(EXTRACTED ENTRIES):
=-=-=

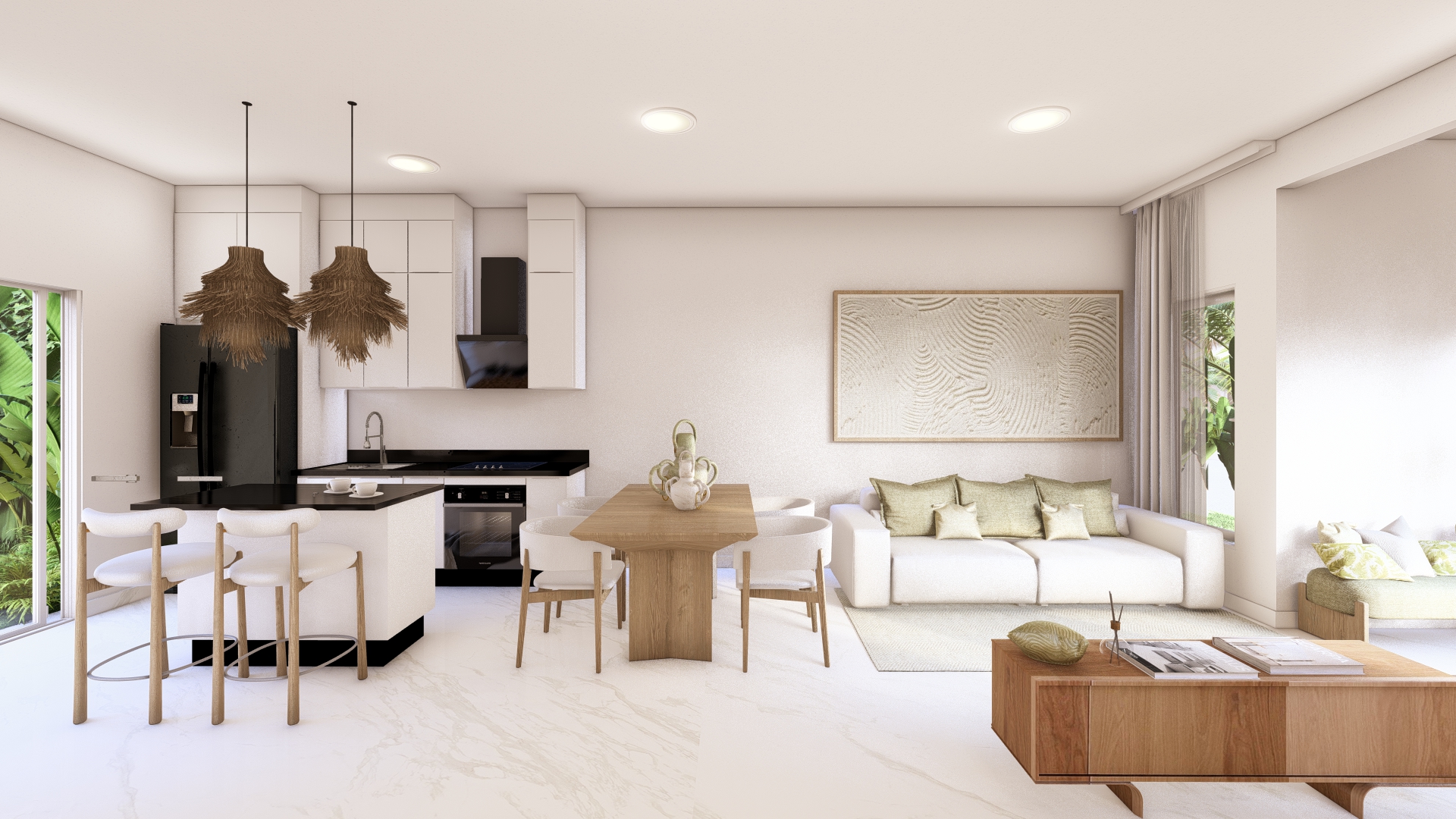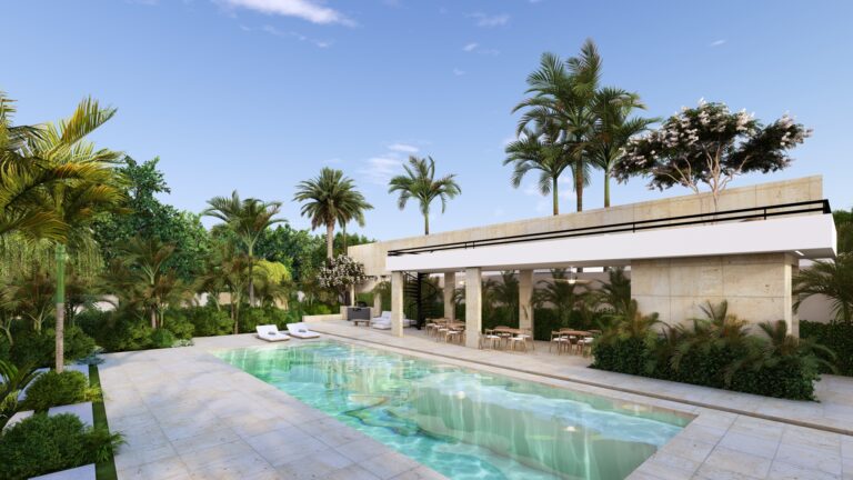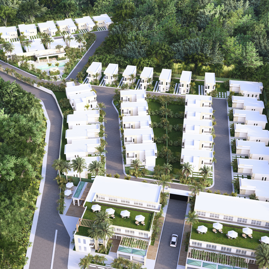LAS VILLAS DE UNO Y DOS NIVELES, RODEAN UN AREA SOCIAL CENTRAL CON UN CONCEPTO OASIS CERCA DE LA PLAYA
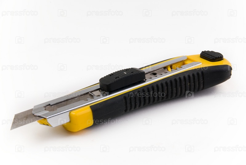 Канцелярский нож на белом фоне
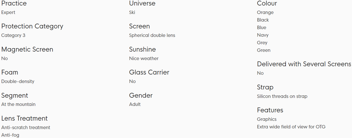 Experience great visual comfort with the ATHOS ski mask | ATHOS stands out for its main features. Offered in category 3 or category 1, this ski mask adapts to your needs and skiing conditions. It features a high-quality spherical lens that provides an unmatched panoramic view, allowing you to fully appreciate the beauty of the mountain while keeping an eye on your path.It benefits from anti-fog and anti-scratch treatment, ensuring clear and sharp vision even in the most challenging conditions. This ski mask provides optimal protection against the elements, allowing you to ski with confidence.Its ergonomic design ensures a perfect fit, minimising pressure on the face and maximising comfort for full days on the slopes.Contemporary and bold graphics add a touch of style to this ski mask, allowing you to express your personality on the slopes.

=-=-=

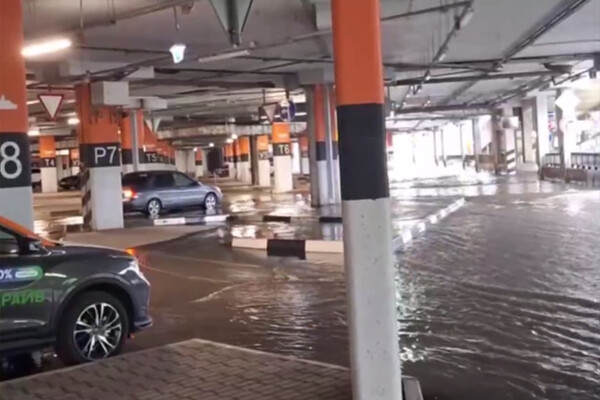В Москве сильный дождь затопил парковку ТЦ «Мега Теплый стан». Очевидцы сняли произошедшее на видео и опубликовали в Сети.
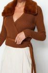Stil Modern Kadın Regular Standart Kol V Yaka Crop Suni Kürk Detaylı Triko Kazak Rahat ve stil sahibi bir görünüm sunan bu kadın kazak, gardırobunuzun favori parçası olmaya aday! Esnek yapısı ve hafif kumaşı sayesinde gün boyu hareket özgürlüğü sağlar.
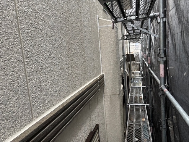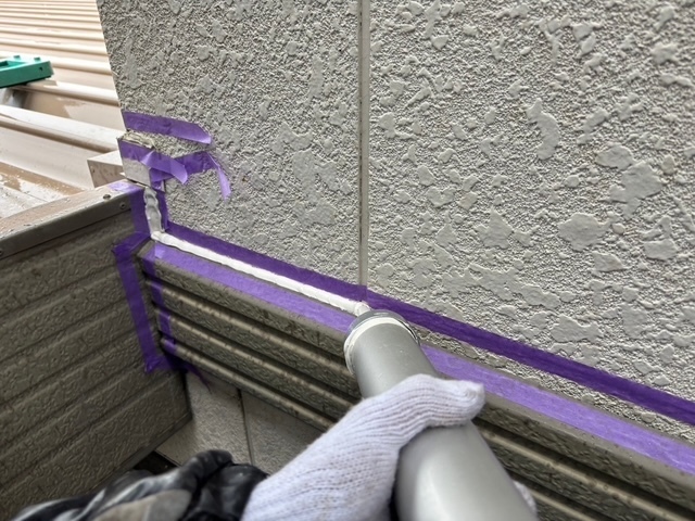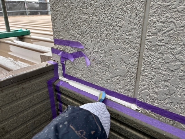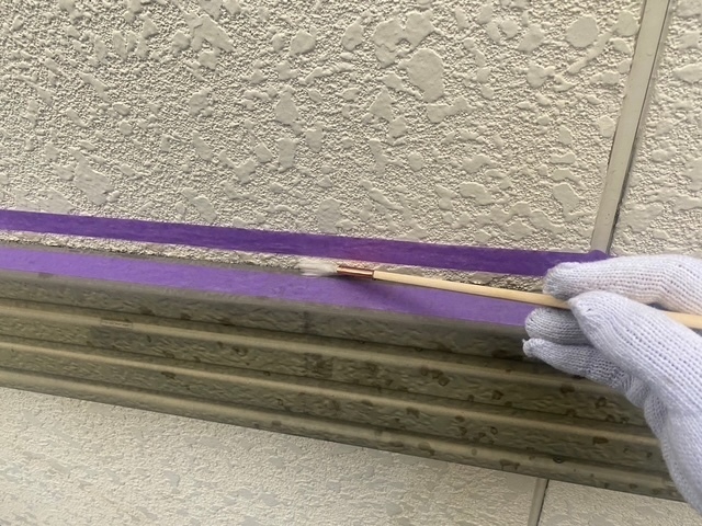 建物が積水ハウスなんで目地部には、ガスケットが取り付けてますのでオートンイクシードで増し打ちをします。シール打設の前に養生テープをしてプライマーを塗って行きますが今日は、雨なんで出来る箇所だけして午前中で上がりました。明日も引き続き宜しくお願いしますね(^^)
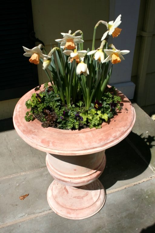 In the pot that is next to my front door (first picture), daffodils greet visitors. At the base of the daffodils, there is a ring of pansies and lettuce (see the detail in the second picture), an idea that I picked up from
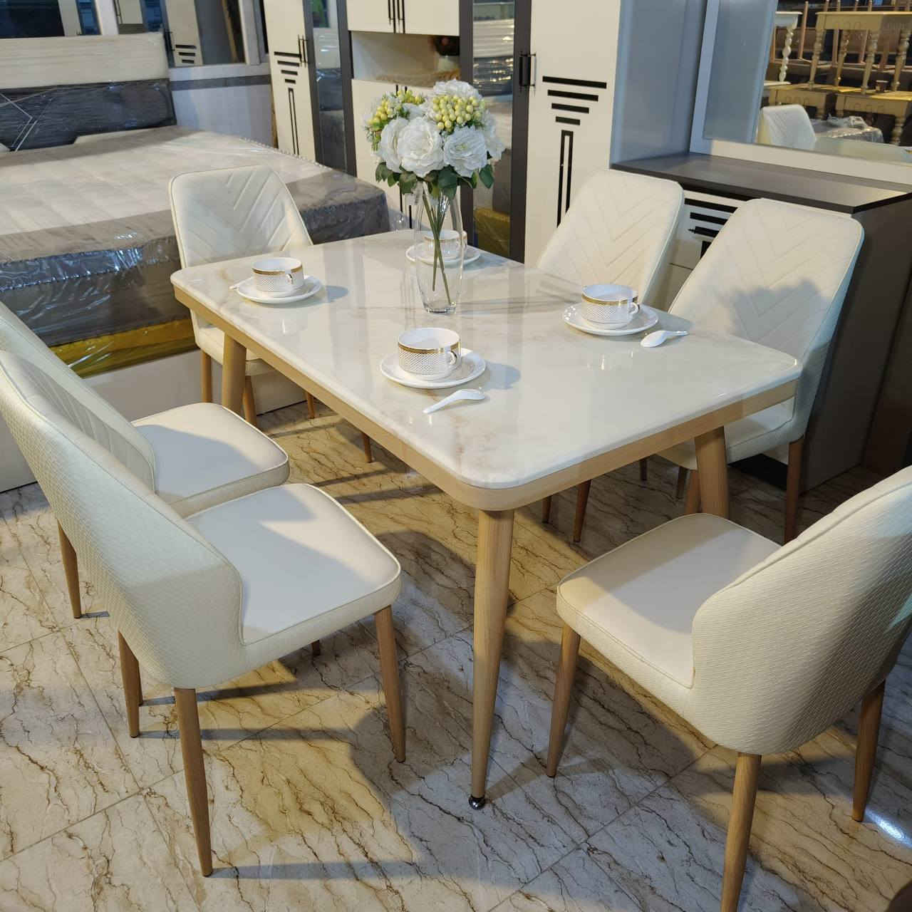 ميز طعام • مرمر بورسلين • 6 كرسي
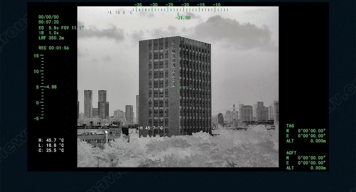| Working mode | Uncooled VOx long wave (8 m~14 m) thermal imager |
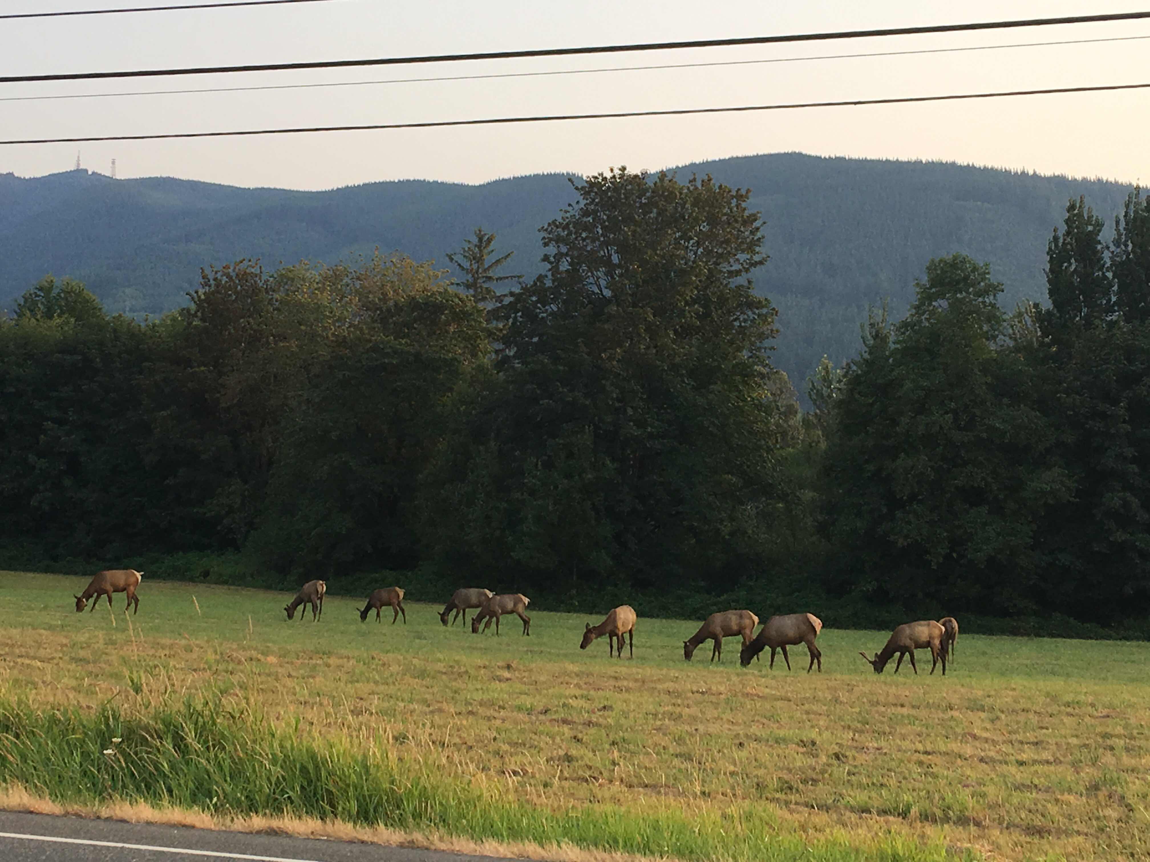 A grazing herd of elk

=-=-=

(WORK ITEM): Using the records above, print exactly the run of lines that starts with the line with "LAS VILLAS DE" and goes on through the line with "Канцелярский нож на белом фоне", pictures excluded.

(REPLY):
LAS VILLAS DE UNO Y DOS NIVELES, RODEAN UN AREA SOCIAL CENTRAL CON UN CONCEPTO OASIS CERCA DE LA PLAYA
 Канцелярский нож на белом фоне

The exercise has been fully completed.